We are willing to pay you what you’re worth. Apply on our website or email [email protected] with your qualifications.

If you are:


Safety-minded
Good with people
Consistent
Accountable 
Curious
Tenacious

then we have a place for you in New Orleans with plenty of room for growth.


----------



## jolj (Sep 19, 2022)

*"Contract* climbers earn $350-$500 per day averaging 8 hour day."
That 87,000.00 per year to start, not bad, for a young man.


----------



## Lightning Performance (Sep 19, 2022)

jolj said:


> *"Contract* climbers earn $350-$500 per day averaging 8 hour day."
> That 87,000.00 per year to start, not bad, for a young man.


Just remember most young men can climb but have no experience especially with rigging large removals. This will be your top tier of experienced climbers who throw big chunks on or off the line making an eight hour day into five most times. Zip lines, choker and double or triple shots speeds up the process. Leaning a large hardwood in the right direction to fell it or rigging down or out large crane chunks fits nicely into a contract climbers day. We do get older and wiser if your with the quick and not the dead. Rush jobs kill people and so does poor work practices. The storm damage from gail wind, ice storms and tornadoes is a learning experience in itself during cleanup. Utilities just adds to the danger trust that.

GL


----------



## jolj (Sep 19, 2022)

jolj said:


> *"Contract* climbers earn $350-$500 per day averaging 8 hour day."
> That 87,000.00 per year to start, not bad, for a young man.





Lightning Performance said:


> Just remember most young men can climb but have no experience especially with rigging large removals. This will be your top tier of experienced climbers who throw big chunks on or off the line making an eight hour day into five most times. Zip lines, choker and double or triple shots speeds up the process. Leaning a large hardwood in the right direction to fell it or rigging down or out large crane chunks fits nicely into a contract climbers day. We do get older and wiser if your with the quick and not the dead. Rush jobs kill people and so does poor work practices. The storm damage from gail wind, ice storms and tornadoes is a learning experience in itself during cleanup. Utilities just adds to the danger trust that.
> 
> GL


Young as in twenty five years old, with 3-5 years as a climber.
My son is a electrician making $50,000.00 a year & the danger is about the same.


----------



## Lightning Performance (Sep 19, 2022)

jolj said:


> Young as in twenty five years old, with 3-5 years as a climber.
> My son is a electrician making $50,000.00 a year & the danger is about the same.

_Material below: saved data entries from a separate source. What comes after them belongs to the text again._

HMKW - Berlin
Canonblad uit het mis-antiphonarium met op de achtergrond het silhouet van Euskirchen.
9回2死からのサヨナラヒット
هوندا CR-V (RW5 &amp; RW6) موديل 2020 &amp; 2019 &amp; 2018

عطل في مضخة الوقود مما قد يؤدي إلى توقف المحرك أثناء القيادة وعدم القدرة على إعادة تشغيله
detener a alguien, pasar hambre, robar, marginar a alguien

Tell him to move to NYC area.
They get 150,000 a year there but living on Long Island or in North Jersey sucks, is expense and crowded. Most commute an hour or more early in the AM and drive fast just like construction workers do up there. I know several from the coast east of here.

Most climbers never started out to make the big bucks and most never will. Climbers get big money in the NE USA and most cities or metropolitan rat race areas. I'd think they pay big in HI if you can handle all aspects of the business like that last wanted add posted before this one here. It's hard to sway a good climber and all around tree guy from the comfort zone niche they tend to find or make. I'm done with most of it and would rather move on again to other things.

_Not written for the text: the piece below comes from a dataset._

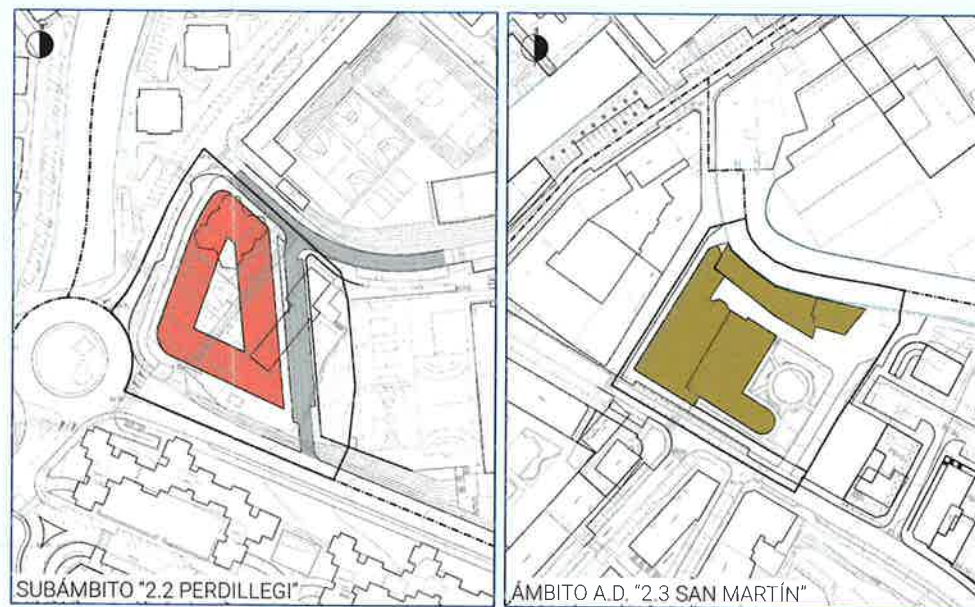
"0" alternatibaren ordenazio planta

Helburu horri erantzuten dioten bi alternatiba (1 eta 2) planteatu dira xede horretarako. 1. alternatiban, Perdillegi azpierzara ekipamendutarako erabiliko da oso-osorik; 2. alternatiban, berriz, zati bat bizitegitarako ere erabiliko da. Hala, 1. alternatiban, erabilera nagusia bizitegi-erabilera izango duten 7.200 m2(s) antolatzea proposatzen da; 2. alternatiban, berriz, indarreko HAPON aurreikusitako 13.000 m2(s)-ko eraikigarritasun osoa mantenduko da, Perdillegi eta San Martín azpierzara erabiltzeko moduan. Kasu batean zein bestean, bi azpierzara hiri-lurzuaren sailkapenarekin jarraituko da. Ondoriozko bizitegitarako hirigintza-eraikigarritasuna txikiagoa da 1. alternatiban baino, kasu horretan, handitu egin da adineko pertsonak bizitegi-ekipamenduari lotutako partzelaren neurria.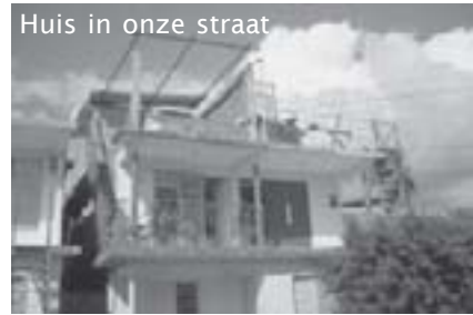
Huis in onze straat

Op weg naar Santiago, een beetje ongerust over wat we gaan aantreffen na alle beelden die we in de Cubaanse pers gezien hadden en wat we van de familie gehoord hadden.

Training is easy dependable isn't.
Not everyone can handle heights and things that move in the breeze.
The rest can be taught.


----------



## jolj (Sep 19, 2022)

NYC is hell, I would not wish it on my worst enemy.
I was raised in fresh air, I do not like a small city like Columbia, what would I do in the large understaffed police city's that have more murders than most states. Sorry it is not worth the pain for so little gain.


----------



## DELTATREE (Oct 28, 2022)

I worked for a high end company in NOLA back in the late 90s. We were always busy doing high end work in Uptown and the Garden District along with the zoo and the plantations. It is a great place to see some of the best pruning of some very old and beautiful trees. It's hot and muggy but a beautiful city to work in. Just don't leave your saws laying around unsecure.


----------



## Timothy Love (Oct 29, 2022)

Salary is lucrative, but proportional to risk


----------